In Oct. 2-8 Issue
Congress has the duty to make the hard decisions. None have apparently been more difficult that the $700 billion financial bailout bill now being proposed and just weeks before the election.
The House rejected the plan and we will never know if the rejection was real conviction or just scared to vote for it.
It appears that most of working America opposed the bailout as they viewed it as a gift to Wall Street at their expense.
Did lawmakers muff an opportunity to stabilize the markets and give the economy a fighting chance to recover. Or, did they do the correct thing by not providing the bailout.
In any event it now appears they were more afraid of loosing their jobs than they were concerned about the economy.
The stock market plunged over 700 points Monday. Millions of Americans lost value in their retirement accounts or other investments. Gloom and doom existed.
Then, the following day the market rebounded. Why? Was it because most assumed the bailout was to be passed? Or, was it for other reasons.
Just as both parties deserve some blame for policies that led to this crisis, so do both share responsibility for Monday's failure of a compromise.

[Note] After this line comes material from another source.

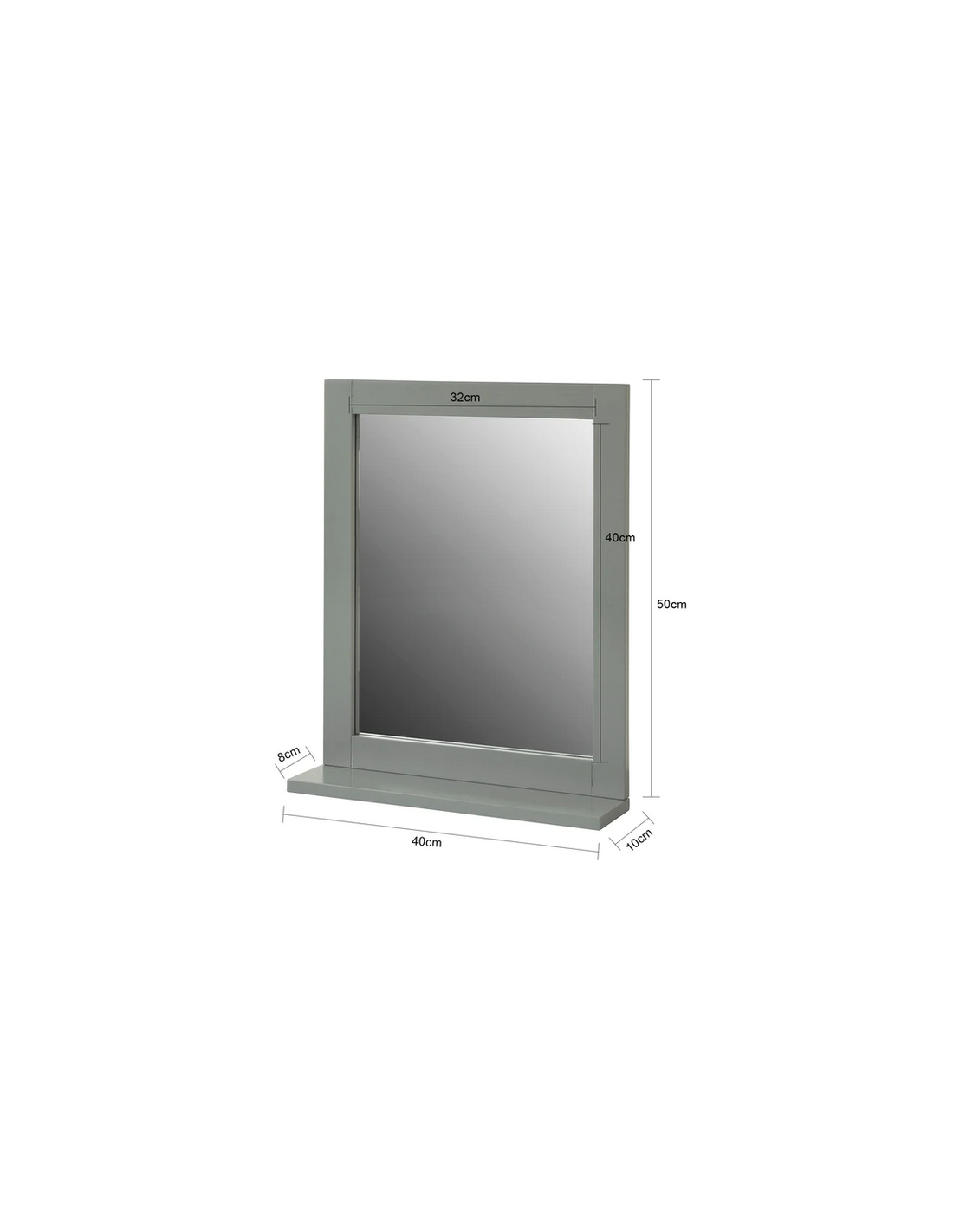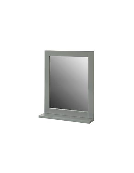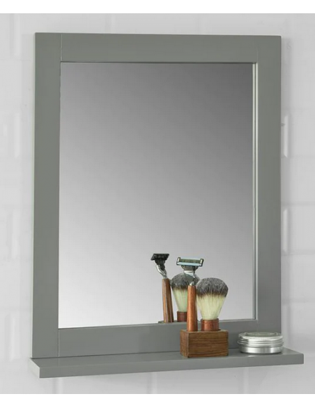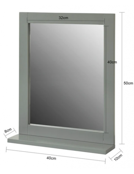 Spejl til badeværelset, udført i et design af grå møbelplade. Spejlet måler 50 cm i højden og 40 x 10 cm i bredde og dybde.

Rep. Jeb Hensarling, R-Texas, said, the proposal "is too much bailout and not enough workout. ... I fear that taxpayers may end up inheriting the mother of all debts." The solution may have to shift more of the risk away from taxpayers and onto private firms.
What bothers us the most is the fact the answer to this dilemma will without a doubt be based on what is best for the political parties and what is best for Washington.
To tell how serious this problem really appears to lawmakers, the House was not even in session on Tuesday and the Senate was only available for discussion and no vote.
The major topic of discussion Tuesday was the fact they all agreed to raise the FDIC insurance from 100,000 to 250,000. We are sure the average working taxpayer will now be much relieved that the $200,000 in their checking account is now much safer!
Surely, surely, surely, lawmakers can place political blinders on themselves and for one time work and vote for what is best for this country and not for what is best for Democrats or Republicans.